Friday, September 04, 2020

Iqbal Bano, Hum Dekhenge (We Shall See)

Listening to Iqbal Bano, the subcontinent's great ghazal singer. 

Hum Dekhenge

A protest poem written by her friend Faiz Ahmed Faiz in the darkest days of Zia's military dictatorship, she defied his ban on public music and Faiz's 'leftist' poetry by appearing in a concert at Lahore's Railway Stadium before a crowd of 50,000.

This song went on to inspire a whole generation of young activists on both sides of the Indo-Pak border; today you can even hear Hum Dekhenge chanted by protesters in Occupied Kashmir!
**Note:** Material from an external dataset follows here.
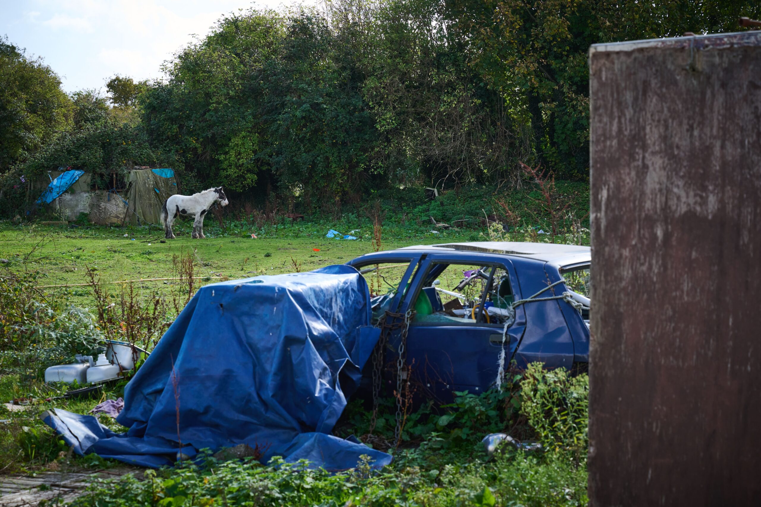 Η Νόρα ζει στο συγκεκριμένο halting site εδώ και 6 χρόνια. Έχει 4 παιδιά και μένει σε ένα τροχόσπιτο χωρίς τουαλέτα και χωρίς νερό. “Παρακαλάμε τις δημοτικές αρχές έδω και 6 χρόνια και όλο αναβάλλουν τις παροχές. Για μπάνιο και τουαλέτα πάμε στης πεθεράς μου που μένει σχετικά κοντά αλλιώς πρέπει να παρακαλάω τους γείτονες. Τον χειμώνα βρέχει και θέλω να πλύνω τα παιδιά πριν το σχολείο. Φαντάζεσαι πόσο δύσκολο είναι;” μου λέει.
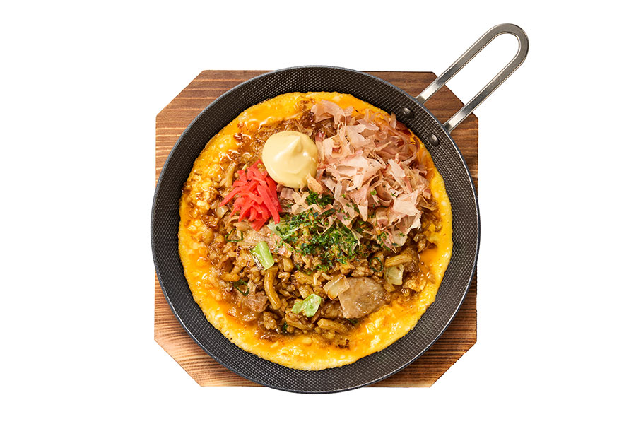 特製ソースにスパイスを効かせた「やみつきソース味」(790円)、白だし入りのふわとろ玉子を合わせた「ふわ玉ソース味」(890円)、ねぎ塩だれとガーリック香るソースで焼き上げた「やみつきねぎ塩味」(790円)、殻ごと素揚げした海老と一口大のいかげそ唐揚げを盛り付けた「海鮮ねぎ塩味」(980円)から選ぶことができる。※すべて1サイズのみ

Her voice is sublime, with a range and power equivalent to great African-American spirituals. Even if you don't know Urdu, please listen.

This rekindled the love for Urdu poetry I developed in college, and the song is equal to "We shall overcome" imho.

(My translation)
"All crowns will be toppled/All thrones overturned/And rise to heaven/Like cotton fluffs/When the final days come/The invisible poor and oppressed/Will finally be visible/And all will see/The face of God/...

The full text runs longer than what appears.